The first stones of the building were laid around 1120 by Orson on left bank of the Loing. A village had been established on a nearby hill since the Merovingian era (according to the excavation in 1898 of Merovingian sarcophagi) in Saint les Nemours, on the left bank of the Loing. The first lords had probably installed a high castle mound on the right bank of the Loing in a place still called "le chatelet". The establishment of such a work next to the Loing was justified by the presence of a ford permitting crossing of the river before the construction of a later bridge.

In 1170, the second lord of Nemours (of which there is a record), Gauthier I de Villebéon, chamberlain to king Louis VII, obtained a charter for his commune.

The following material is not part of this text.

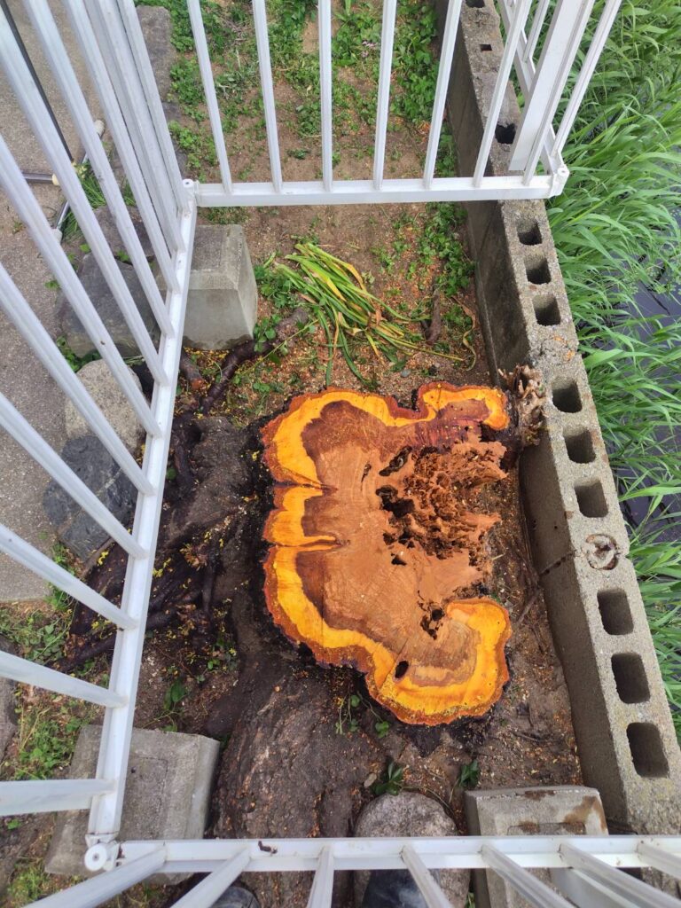N様より「台風などで倒木しそうで不安」とご相談をいただき、安全面を最優先に伐採をご提案いたしました。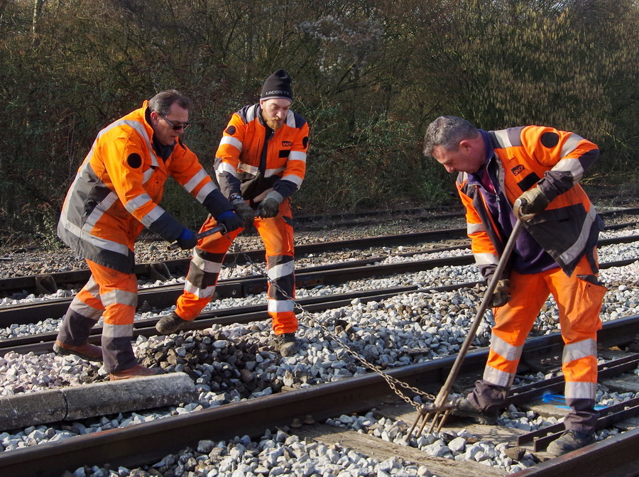 travail avec une fourche à ballast gare de Ham le 22-02-2019

At the time of the Hundred Years' War, the town was burnt in 1359 by the troops of Jean de Grailly and the Captal of Bush. In 1404, the town became a duchy-peerage but it fell 16 years later at the hands of English. It was released from their influence in 1437 by Jacques of Anjou.

The castle had only a few modifications during the following centuries. It was altered in the 15th century by Jacques d' Armagnac who added mullioned windows to make the keep a more pleasant place to live. At the time of the Wars of Religion between Catholics and Protestants, it was the site of the signature of the Treaty of Nemours in 1585 between Catherine de' Medici and the Duke of Guise, which ratified the progress of the Catholic League and urged Protestants to leave the kingdom, before “good” King Henri IV finally put an end to the quarrels nearly a century later with the Edict of Nantes.

In the middle of the 17th century, the castle became a law court under Anne Hédelin, lieutenant general of the Duke of Orleans. The latter also changed the castle entrance to open it onto the main courtyard and its monumental staircase (perron).

==Architecture==
The castle is composed of a girdled keep of four round towers and a square watch tower overlooking the valley of the Loing. The main courtyard is surrounded by medieval houses which constitute the heart of the historical heritage of the town between the communal mills, the church and the district of the clerics.